Par conséquent, nous demandons aux honorables sénateurs de rejeter ce projet de loi dans son intégralité et de protéger les intérêts des Canadiens et des entreprises canadiennes en plus d’améliorer le positionnement du Canada à l’échelle internationale et de promouvoir la cause de la paix dans le monde.
Le président suppléant: Merci, monsieur Ahmadi et monsieur Tabasinejad, de nous avoir présenté vos exposés.
Le sénateur Housakos: Merci aux témoins d’être là aujourd’hui.

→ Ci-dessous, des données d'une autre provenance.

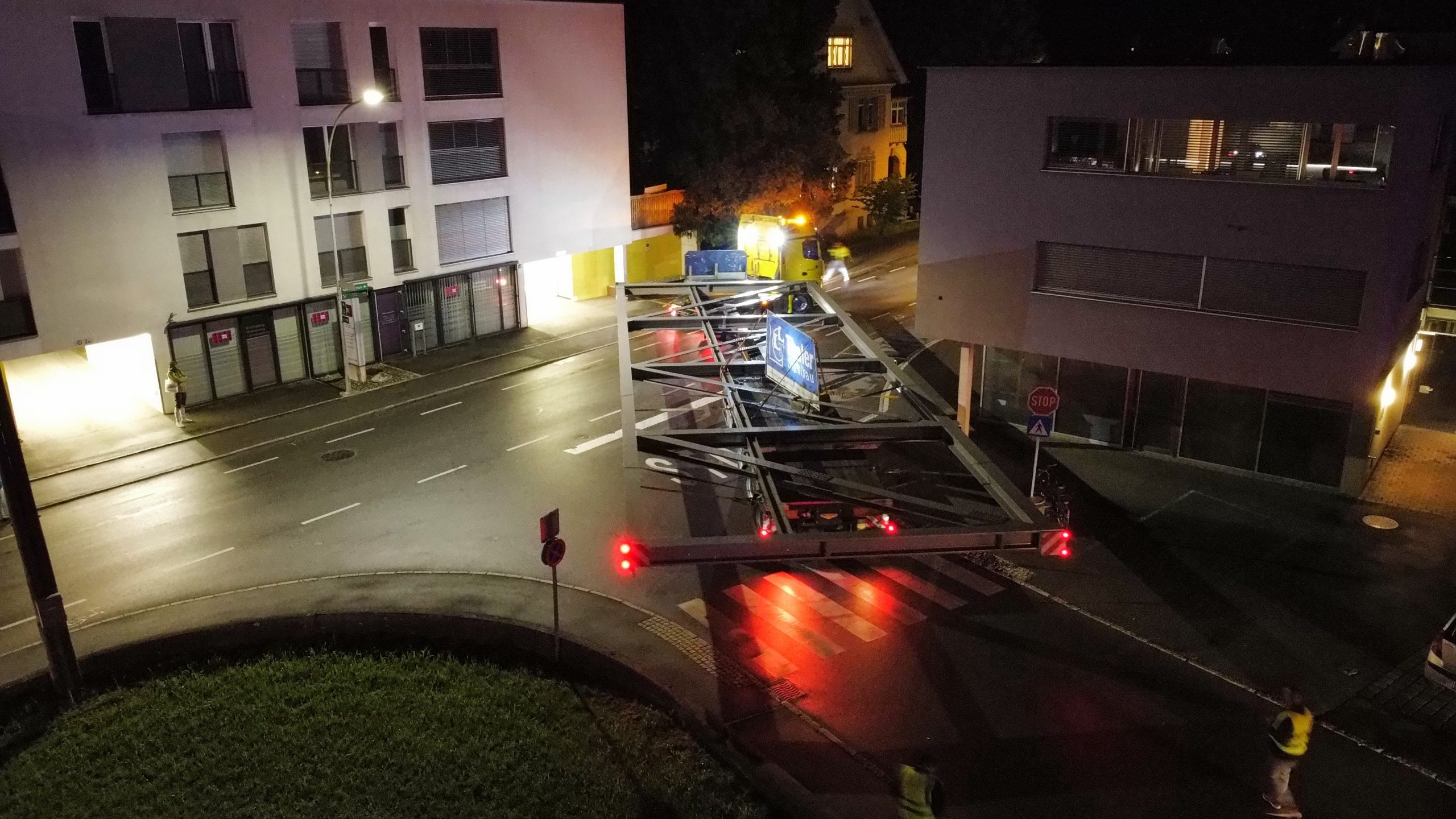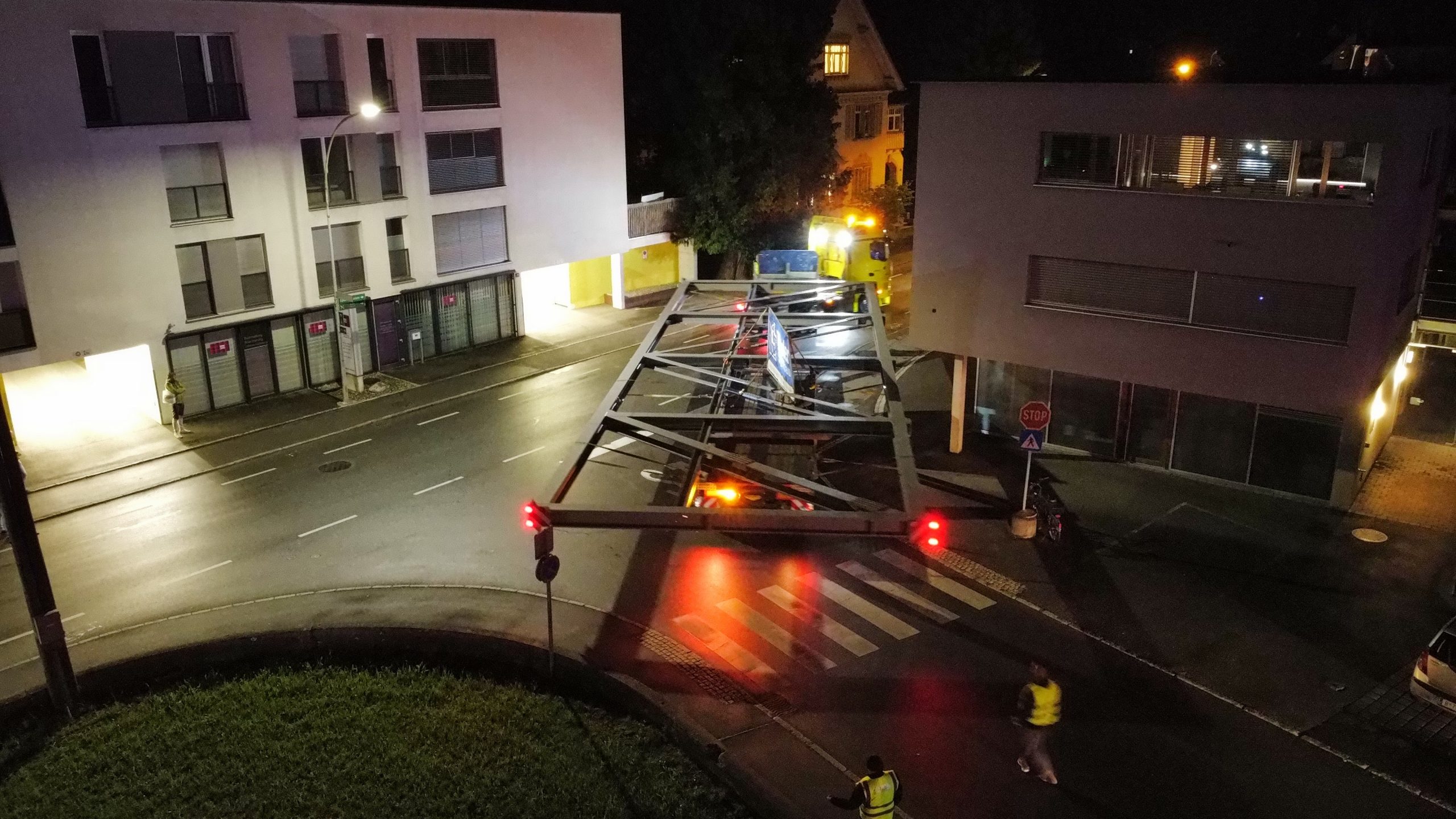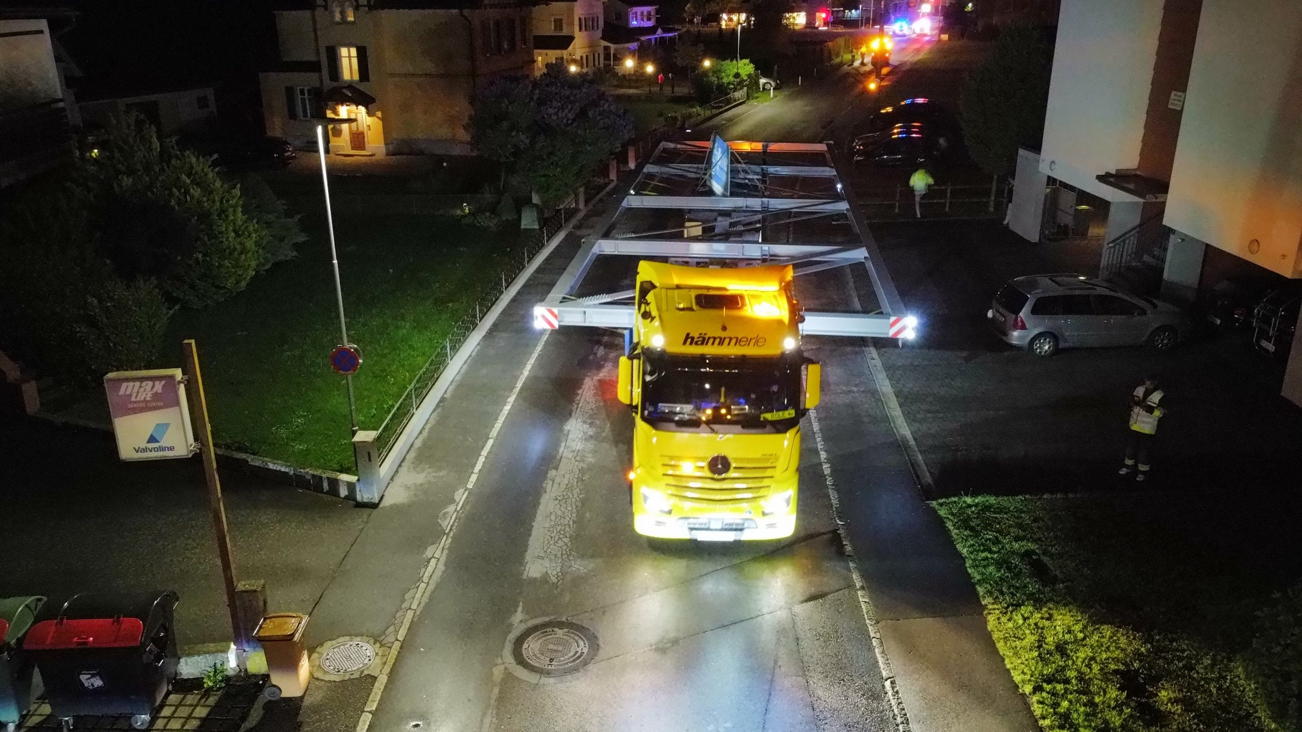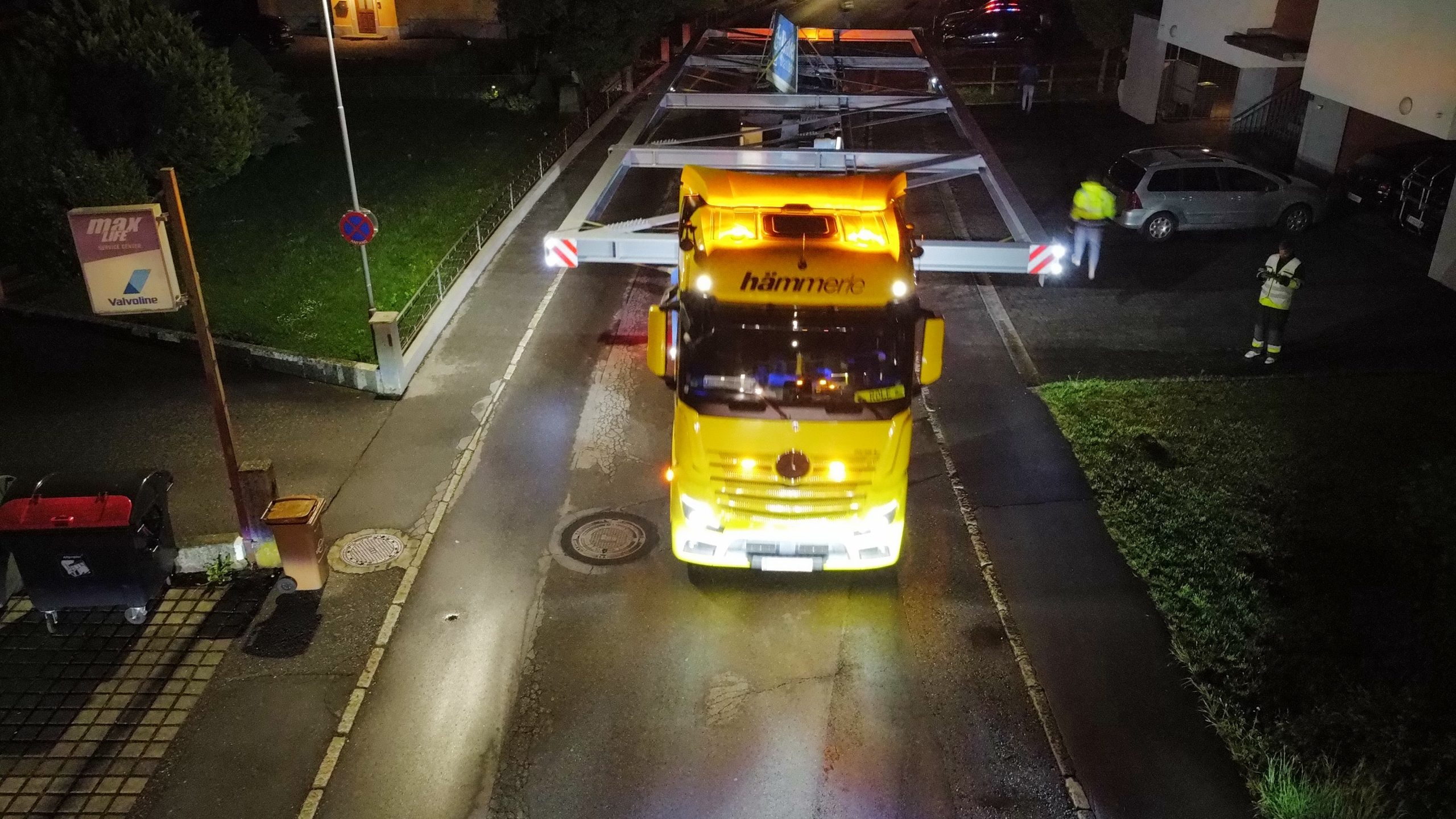 Nach monatelanger Planung verließ das tonnenschwere Stahlfachwerk am Montagabend um 22 Uhr das Werk in Hard. Die große Herausforderung war, die Konstruktion so zu dimensionieren, dass sie auf öffentlichen Straßen transportiert werden kann. Den Spezialtransport übernahm das Harder Unternehmen Hämmerle Transporte.

D’abord et avant tout, je tiens à souligner l’importante contribution et la réussite de la communauté irano-canadienne au Canada. Nous sommes chanceux de pouvoir compter sur les quelques centaines de milliers de Canadiens d’origine iranienne qui ont apporté une contribution importante dans les domaines scientifiques, universitaires et commerciaux. C’est une perte pour l’Iran, et un gain pour nous.
J’ai bien écouté votre déclaration. Avant de vous poser ma question, je tiens à vous faire part de mon point de vue: en ce qui me concerne, ce qui fait le plus de tort à la communauté irano-canadienne, c’est le gouvernement fondamentaliste et extrémiste islamique en Iran.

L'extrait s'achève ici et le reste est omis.